The longest Common Subsequence of the strings is “acad,” as this subsequence is present in both string1 and string2 and is the longest one.

So, the length of Longest Common Subsequence = size of “acad” = 4.

illustration

Source: blogspot.com

 

Let's consider another example: Let the two strings be “acb”  and “dfe”. 

 

The longest Common Subsequence of the strings is “” (empty string) as it has no subsequence, which is present in both string1 and string2.

So, the length of Longest Common Subsequence = length of “” = 0.

Now, let's get started and learn various approaches to solve this problem. 

Recommended: Before stepping on to the approach, try it by yourself on CodeStudio.

Approach1 - Using Recursion

The naive (or brute force) solution to this problem could be finding all possible configurations of different subsequences and finding the longest common subsequence possible. 

So, we maintain two indexes, i and j, one for each string and increment one by one to find the best possible solution.

Note: If any of the indices reach any of the string’s length, the longest common subsequence would be 0 as the range to find the longest common subsequence. 

Implementation

Let’s have a look at its implementation in Java:

import java.util.*;
import java.lang.*;
import java.io.*;
 
class Solution {

  // Using recursive approach
    public static int LCS(String s1, String s2, int i, int j){
        
        // Base case
        if (i == s1.length() || j == s2.length()) return 0;
            
        if (s1.charAt(i) == s2.charAt(j)){
            return 1 + LCS(s1, s2, i + 1, j + 1);
        }

        int option1 = LCS(s1, s2, i + 1, j);
        int option2 = LCS(s1, s2, i, j + 1);
        
        return Math.max(option1, option2);
    } 
    
    public static void main (String[] args){
         Scanner s = new Scanner(System.in);

         // Take Input
         System.out.println("Enter String1");
         String s1 = s.next();

         System.out.println("Enter String2");
         String s2 = s.next();

         int lcsans = LCS(s1,s2,0,0);

         System.out.println("Longest Common Subsequence "+ lcsans);
     }
}

Output:

Enter String1 acbaed
Enter String2 abcadf
Longest Common Subsequence 4

Implementation in C++

// Recursive implementation of
// Longest Common subsequence problem

#include <bits/stdc++.h>
using namespace std;

int N, M;

// For calculating the length of the longest common subsequence

int lcs(string S, string T, int i, int j)
{
    // one or both of the strings are fully traversed


    if (i == N || j == M)
        return 0;

    // check if current characters are equal


    if (S[i] == T[j])
        // check for next character
        return (lcs(S, T, i + 1, j + 1) + 1);
    else
        // check which call has maximum value and add to length
        return max(lcs(S, T, i + 1, j), lcs(S, T, i, j + 1));
}
int main()
{
    string S = " abcde";
    string T = "acek";


    N = S.length();
    M = T.length();
    cout << "Length of longest common subsequence " << lcs(S, T, 0, 0);


    return 0;
}

 

Output:

Length of longest common subsequence 3
 

Time and Space Complexity

Time Complexity: O(2 ^ N), i.e., exponential as we generate and compare all the subsequences of both the strings.

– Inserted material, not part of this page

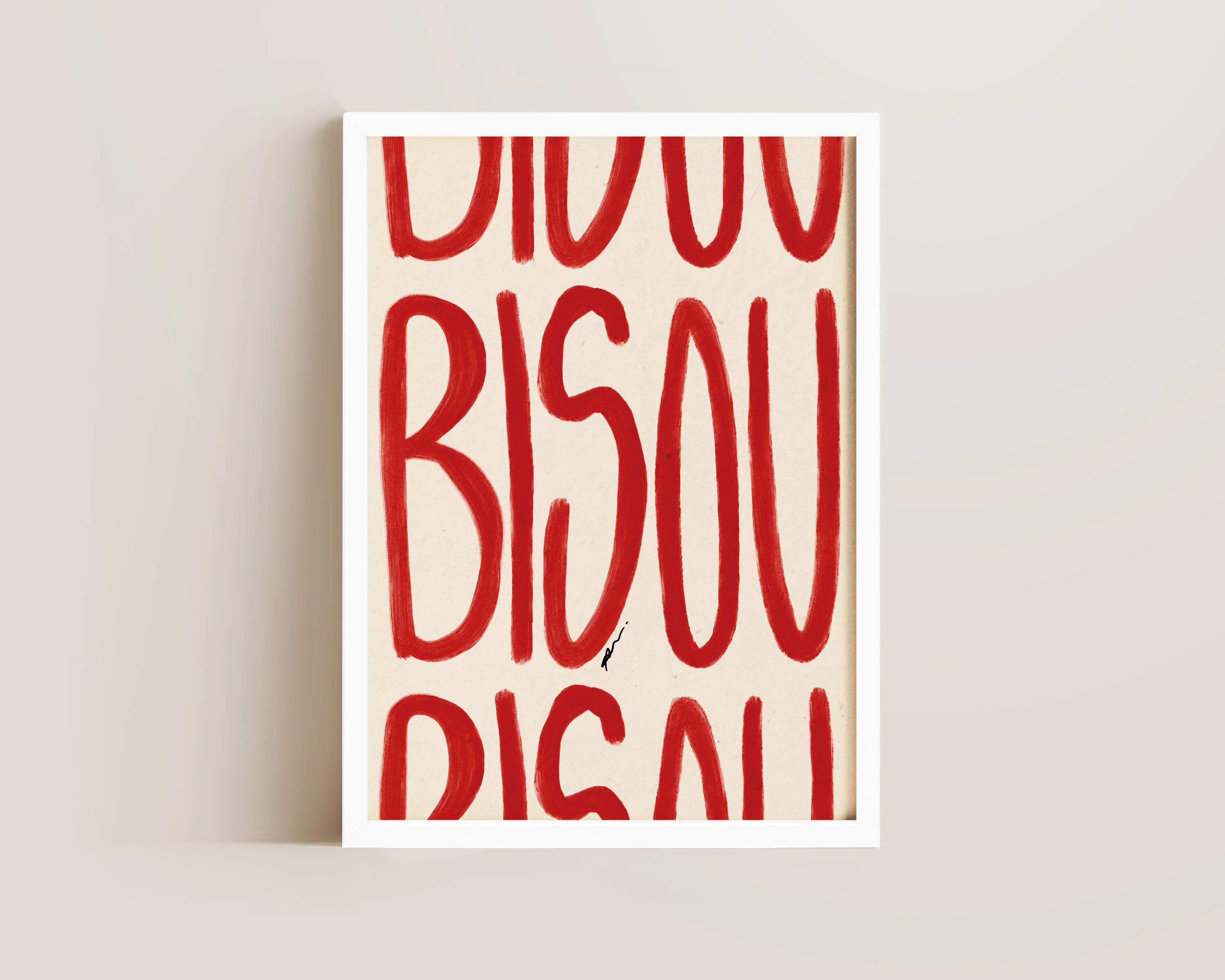 A hand drawn bedroom print featuring Bisou in bold red lettering, set against a beige background, the perfect above bed print. Printed on archival matte 240gsm paper. Available in multiple sizes, with framed or unframed options. Exclusively designed by one of our artists at our studio.

Note: The total number of subsequences of a string is O(2 ^ N).

Space Complexity: O(1) as no extra space is being used.

Where ‘N’ is the length of the shortest of the two strings.

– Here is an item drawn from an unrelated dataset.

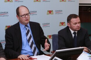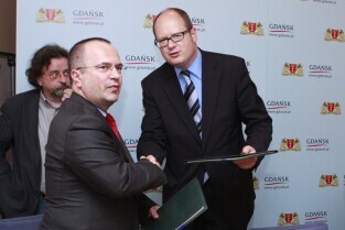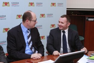 Urząd Miejski w Gdańsku. Podpisanie umowy na dofinansowanie projektu "Kompleksowe zabezpieczenie przeciwpowodziowe Żuław - etap I - Gdańsk". Nz. (od lewej) Prezydent Gdańska Paweł Adamowicz i Prezydent Elbląga Grzegorz Nowaczyk.
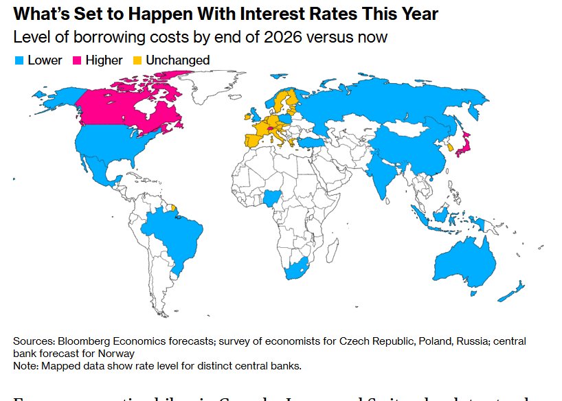 随着美国总统特朗普在重返白宫的第二年大举推进财政政策与贸易格局大变动,以及频繁威胁美联储货币政策独立性进而不断要求美联储大举降息。全球央行利率路径开始出现分化,全球各大央行在应对由特朗普领导下美国财政或者货币政策引发的经济不确定性和剧烈市场波动时,各自采取截然不同的货币政策来推动经济增长,而不是一味跟随美联储货币政策变动。

Approach 2 - Using Dynamic Programming

We could optimize the time complexity of our previous approach by maintaining a “dp array” where - dp[i][j] stores the longest common subsequence value that could be formed via considering string1 till i-th index and string2 till jth index.

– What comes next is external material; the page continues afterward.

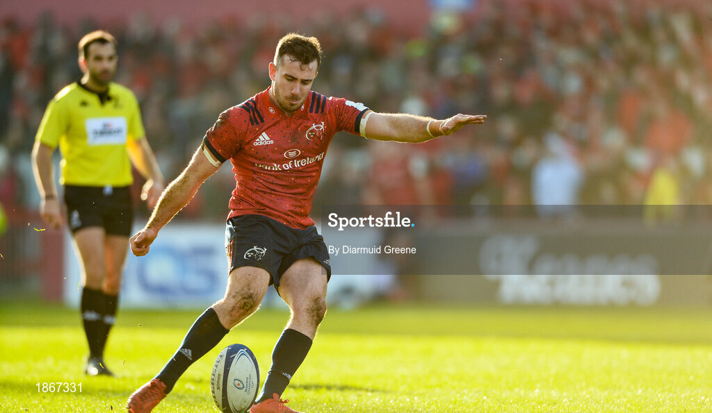 19 January 2020; JJ Hanrahan of Munster kicks a conversion during the Heineken Champions Cup Pool 4 Round 6 match between Munster and Ospreys at Thomond Park in Limerick. Photo by Diarmuid Greene/Sportsfile
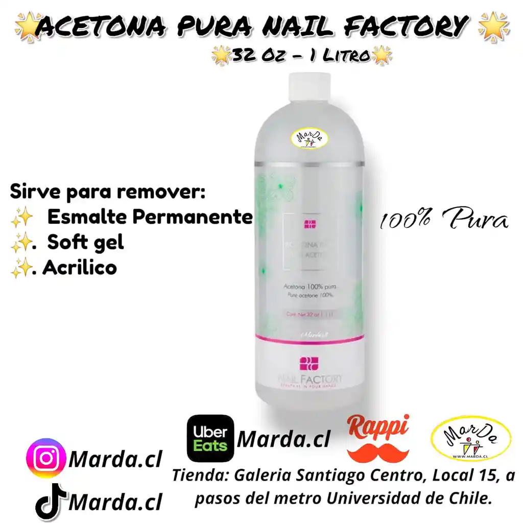 ACETONA PURA PARA UÑAS 32 oz 1 LITRO NAIL FACTORY

Let's look at the recursive tree:

Recursion Tree

 

Since the recursive approach had a lot of overlapping subproblems, the dp array would also help us avoid that repetitive work.

 

So, let’s consider the two strings “aggtab” and “gxtxayb.” 

“-” here indicates that the value of LCS = 0 after considering the string1 and string2 till ith and jth index, respectively. 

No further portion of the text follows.